I got a curious error with a managed derived type data object:
module mpi_comm
!...
type pointer_array_hfdev
real(rp), device, pointer:: r(:, :, :)
end type
type(pointer_array), save, private, allocatable:: ptr_post_calc(:)
type(pointer_array_hfdev), private, allocatable, managed :: ptr_post_calc_hfdev(:)
type(pointer_array), save, private, allocatable:: ptr_pre_refer(:)

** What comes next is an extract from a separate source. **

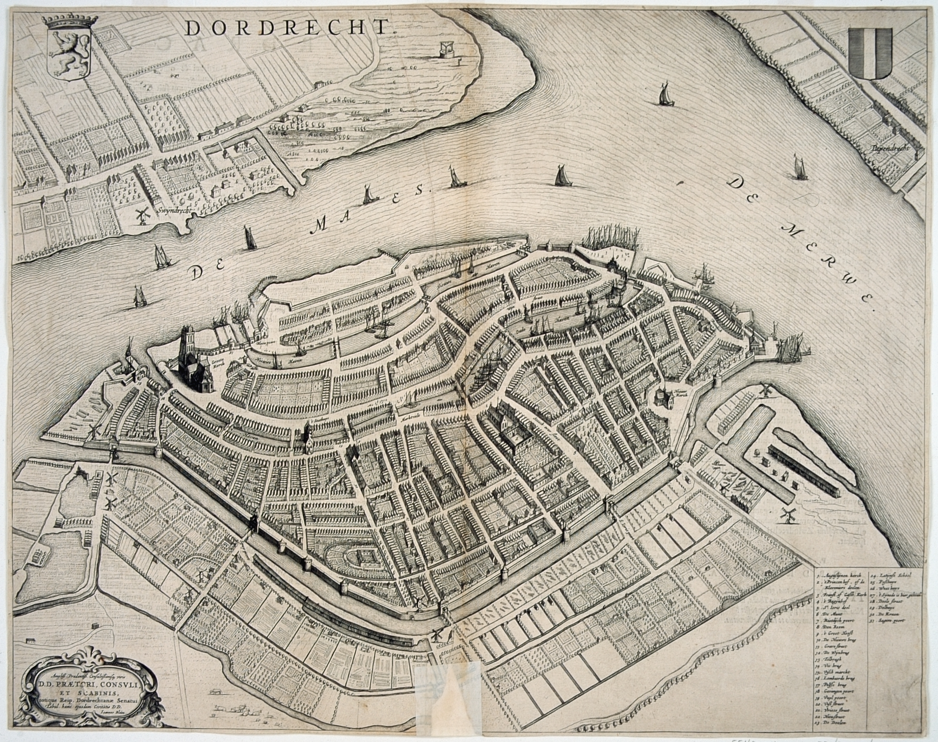 - Plattegrond van Dordrecht, tussen 1640-1647 met bovenaan de wapens van Holland en Dordrecht, links onderaan een cartouche met inschrift Ampliss. Prudentiss ... viris D. D. Praetori, Consuli et Scabinis totique Reip. Dordrechtanae Senatui Tabulam hanc ... D. D. Joannes Blaeu en rechts de verklaring der cijfers 1-31; van achter bedrukt in twee kolommen met Latijnse beschrijving der stad, overeenkomende met de beschrijving op de plattegronden van Braun en Hogenberg en een Latijns gedicht van P. Scriverius.

type(pointer_array_hfdev), private, allocatable, managed :: ptr_pre_refer_hfdev(:)
!...
contains
!....
subroutine mpi_halo_ini
!....
allocate(ptr_post_calc_hfdev(max_ptr_halo), stat = istat)
if (istat /= 0) then
print *, 'Error during allocation ptr_post_calc_hfdev', istat
stop 3
end if
allocate(ptr_pre_refer_hfdev(max_ptr_halo), stat = istat)
if (istat /= 0) then
print *, 'Error during allocation ptr_pre_refer_hfdev', istat
stop 3
end if
do i = 1, max_ptr_halo
nullify(ptr_post_calc_hfdev(i)%r)
nullify(ptr_pre_refer_hfdev(i)%r)
end do
!...
end subroutine
output (747 being the first nullify line).
0: Null pointer for ptr_post_calc_hfdev (mpi_comm.f90: 747)
I already tried writing a reproducer with no success (i.e. couldn’t trigger the error), but it seems to me that it only happens when there’s lots of other things going on in device memory. max_ptr_halo is set to 200 btw.
I’m at a loss here because the allocate call itself doesn’t produce an error. This is only a wrapper around cudaMallocManaged, right? I tried using derived types without managed but couldn’t get it working. Maybe it gets confused with resident vs. non resident memory for some reason?